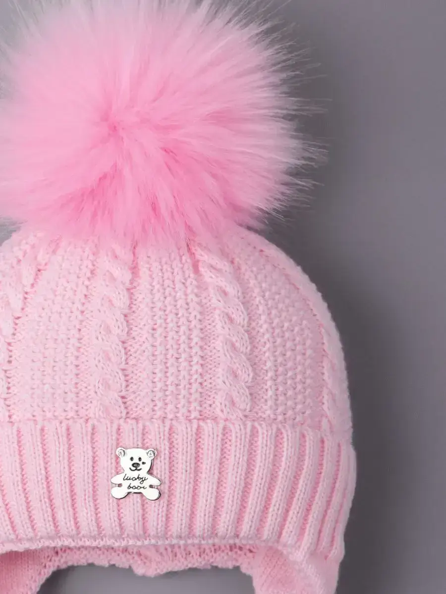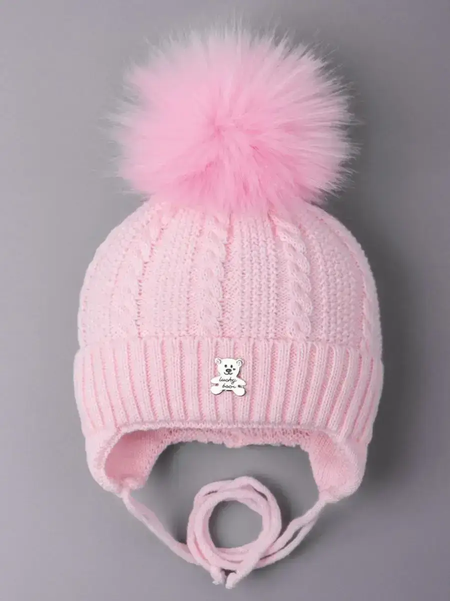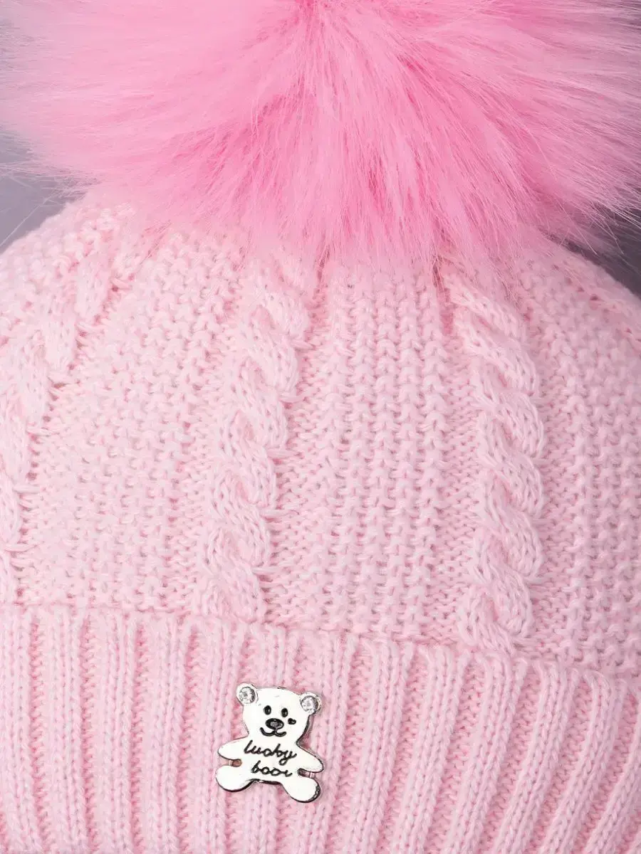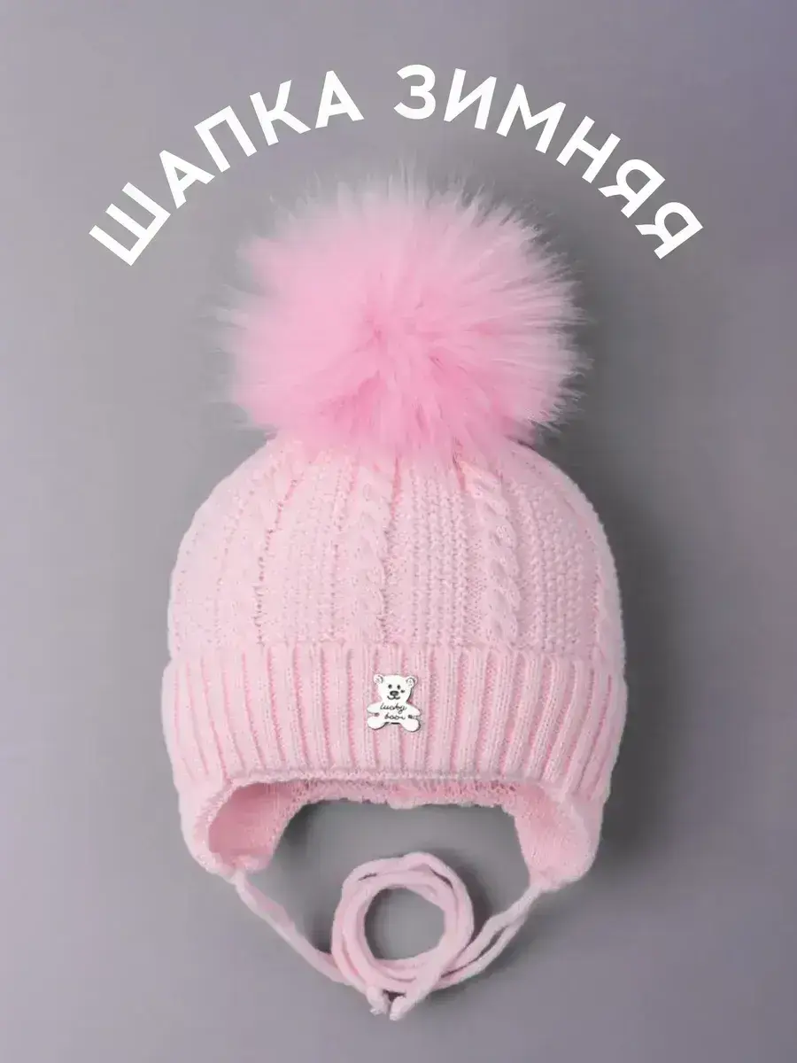 Шапка выполнена вязкой "коса"из высококачественной пряжи (в составе гиппоаллергенный акрил), приятная на ощупь ощущение и комфортна в носке. Красивый пышный помпон из искусственного меха и стильная металлическая брошь в виде медвежонка придают головному убору уникальный и стильный вид! Модель отлично подойдет как для мальчиков, так и для девочек.
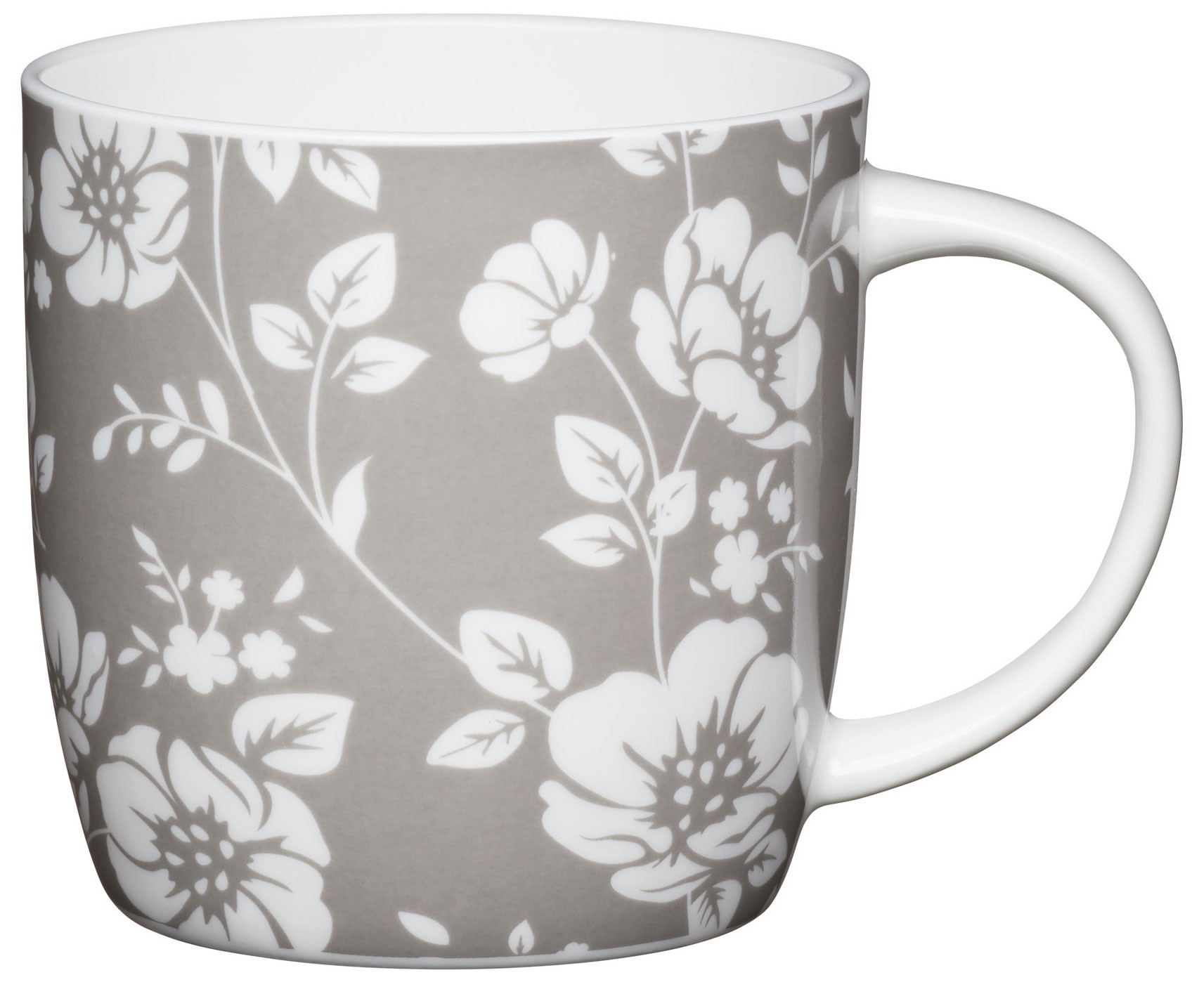 En snygg mugg i porslin från Kitchen Craft med motiv av vita blommor på en grå botten. Denna mugg är perfekt för kaffe, te, varm choklad eller vilken dryck du föredrar. Den har ett bekvämt öra och är i en optimal storlek för att kupa händerna runt. Med en volym på 425 ml är den både praktisk och stilfull. Muggen tål både maskindisk och mikrovågsugn för enkel rengöring och uppvärmning. Med en diameter på 8,5 cm och en höjd på 9 cm är den perfekt för daglig användning eller som en vacker present.
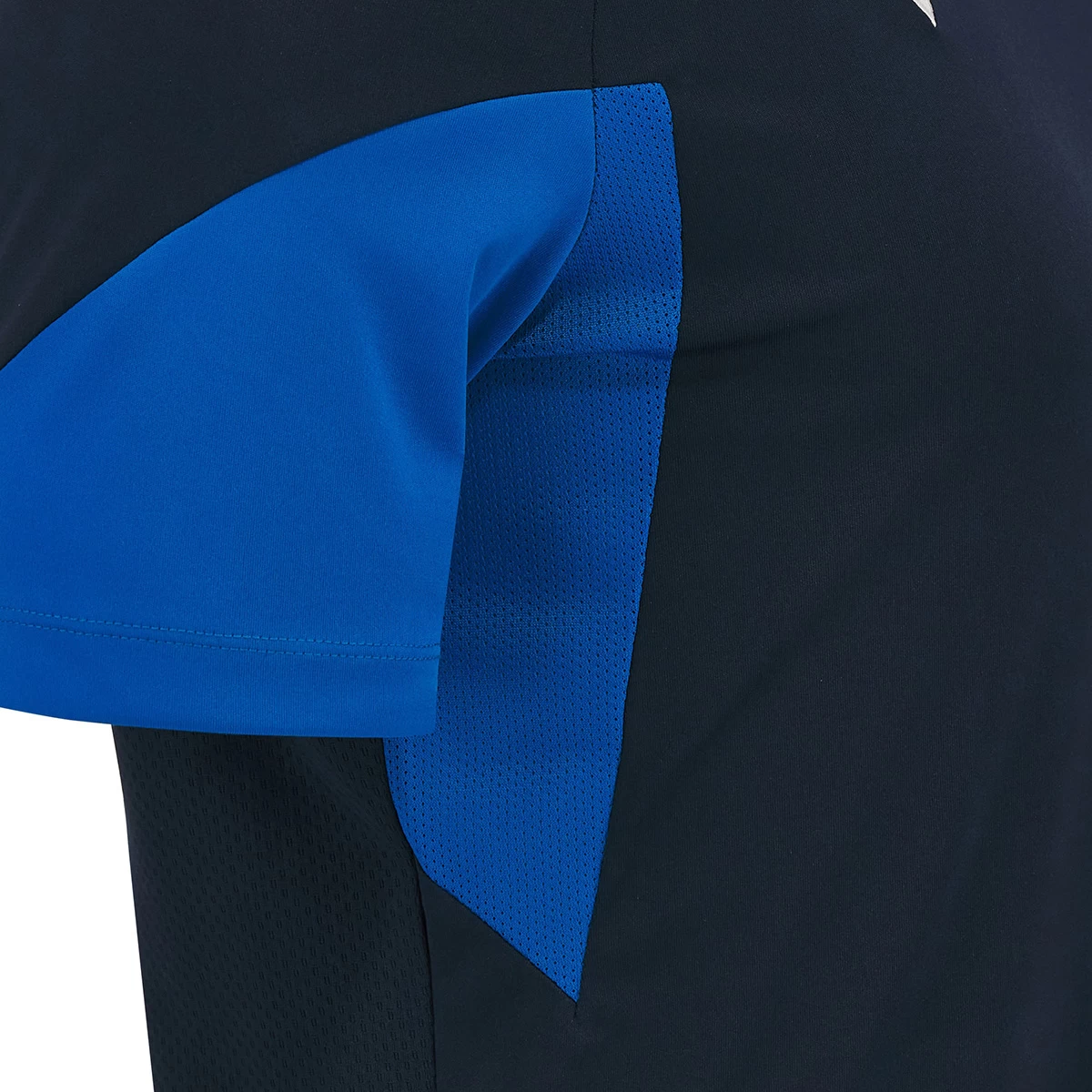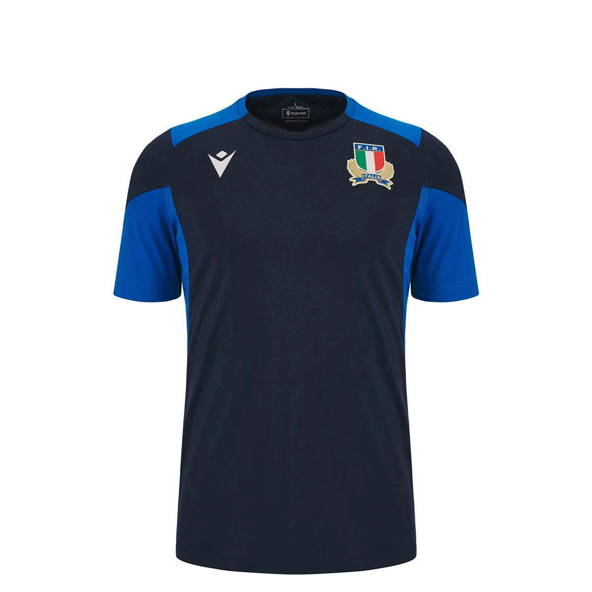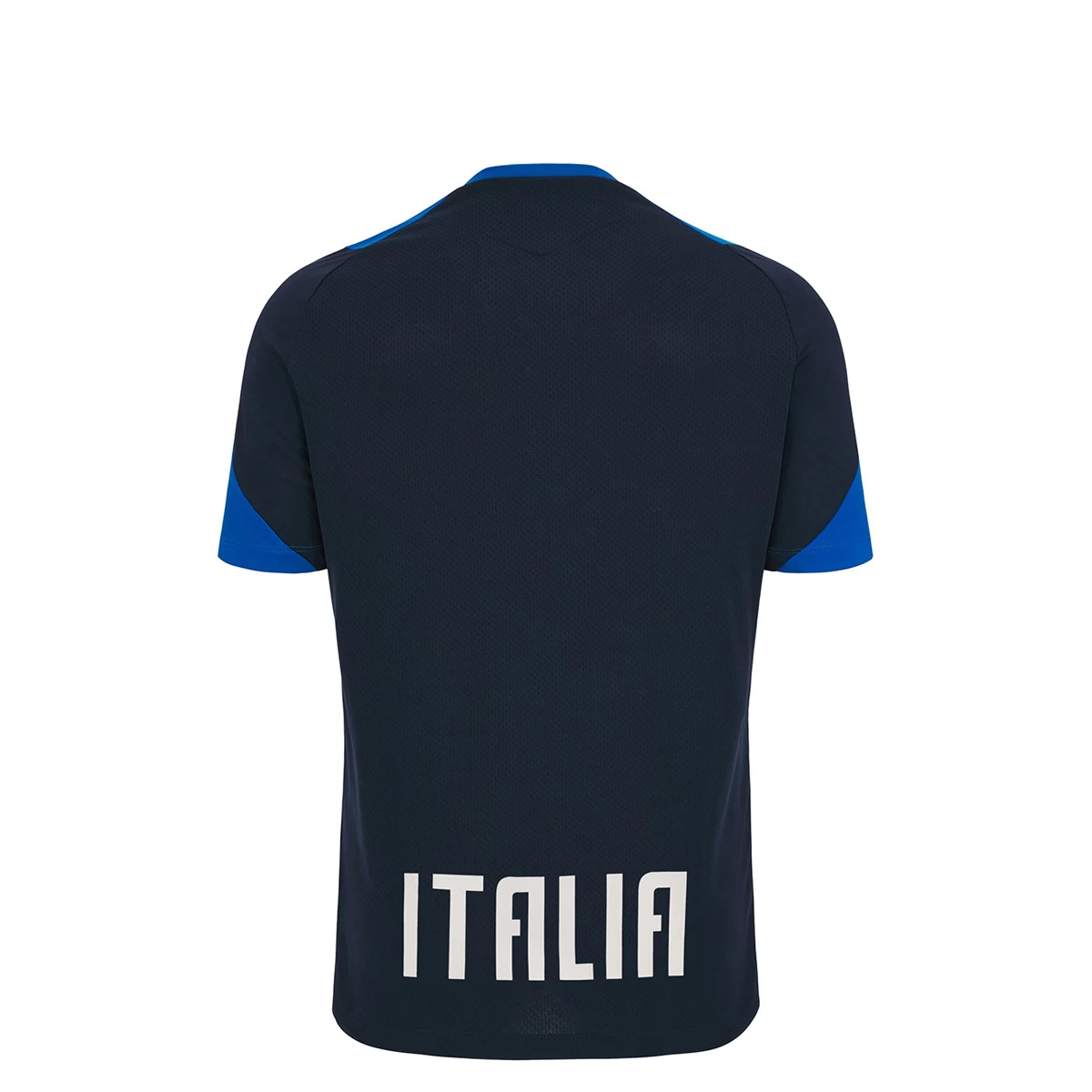 The navy T-Shirt features royal blue colour panels. The back of the shirt shows off the Italia wording along the lower back. The upper chest of the T-Shirt proudly shows off the Italy Rugby logo over the heart alongside the Macron logo on the upper left chest.
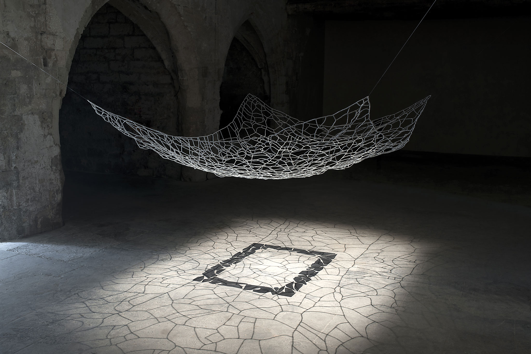 Pour la Biennale Art+, en lien avec la thématique 2024 « De l’air, de l’art », elle imagine à l’orangerie du domaine de Cangé, une installation composée de pièces, dont une réalisée spécialement pour l’exposition, accompagnée d’une vidéo et d’une ambiance sonore. Les œuvres que nous allons découvrir sont façonnées à partir de fils d’aluminium, pour des formes en suspension entre ciel et terre, quand d’autres de manière sérielle se détachent des murs. La lumière les traverse projetant des ombres qui renforcent leur fragilité et l’impression de légèreté.
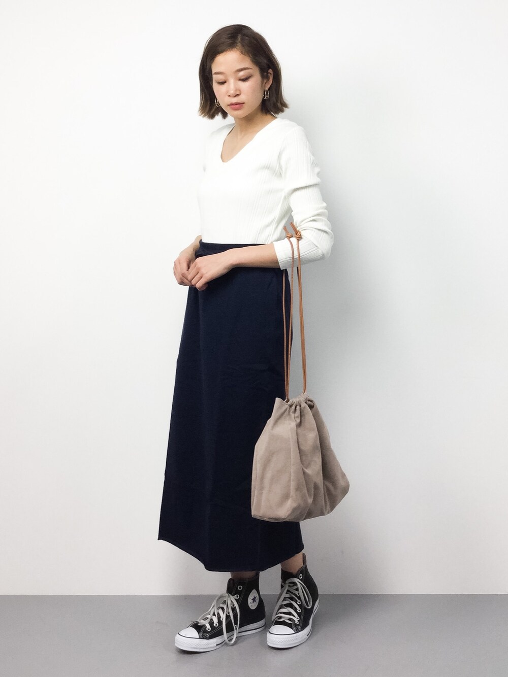 きれいめカジュアルコーデ モノトーンアイテムを使ったスタイルに優しいカラーの巾着バッグをプラス! トップスは、丁度良いVネックなのでデコルテを綺麗に見せてくれます。 そして、着心地がよく体に馴染むのでストレスなく着られます。
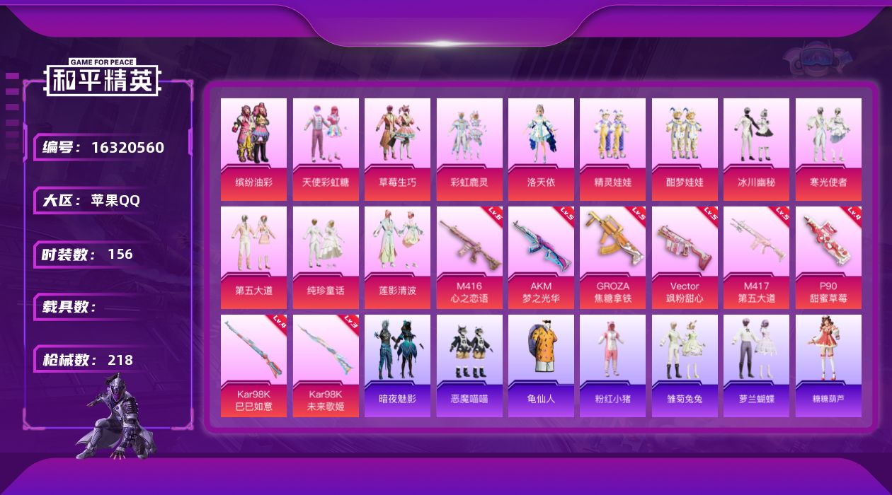 [16320560]苹果 手Q-12粉装-8特效枪-0载具-2粉色飞行器-74248热力值-12王牌印记-156套装-218枪皮

Exercise brief
Above are records; write out the lines from the one with "En snygg mugg" down to the one with "Pour la Biennale", exactly, leaving the pictures out.

Written response
 En snygg mugg i porslin från Kitchen Craft med motiv av vita blommor på en grå botten. Denna mugg är perfekt för kaffe, te, varm choklad eller vilken dryck du föredrar. Den har ett bekvämt öra och är i en optimal storlek för att kupa händerna runt. Med en volym på 425 ml är den både praktisk och stilfull. Muggen tål både maskindisk och mikrovågsugn för enkel rengöring och uppvärmning. Med en diameter på 8,5 cm och en höjd på 9 cm är den perfekt för daglig användning eller som en vacker present.
 The navy T-Shirt features royal blue colour panels. The back of the shirt shows off the Italia wording along the lower back. The upper chest of the T-Shirt proudly shows off the Italy Rugby logo over the heart alongside the Macron logo on the upper left chest.
 Pour la Biennale Art+, en lien avec la thématique 2024 « De l’air, de l’art », elle imagine à l’orangerie du domaine de Cangé, une installation composée de pièces, dont une réalisée spécialement pour l’exposition, accompagnée d’une vidéo et d’une ambiance sonore. Les œuvres que nous allons découvrir sont façonnées à partir de fils d’aluminium, pour des formes en suspension entre ciel et terre, quand d’autres de manière sérielle se détachent des murs. La lumière les traverse projetant des ombres qui renforcent leur fragilité et l’impression de légèreté.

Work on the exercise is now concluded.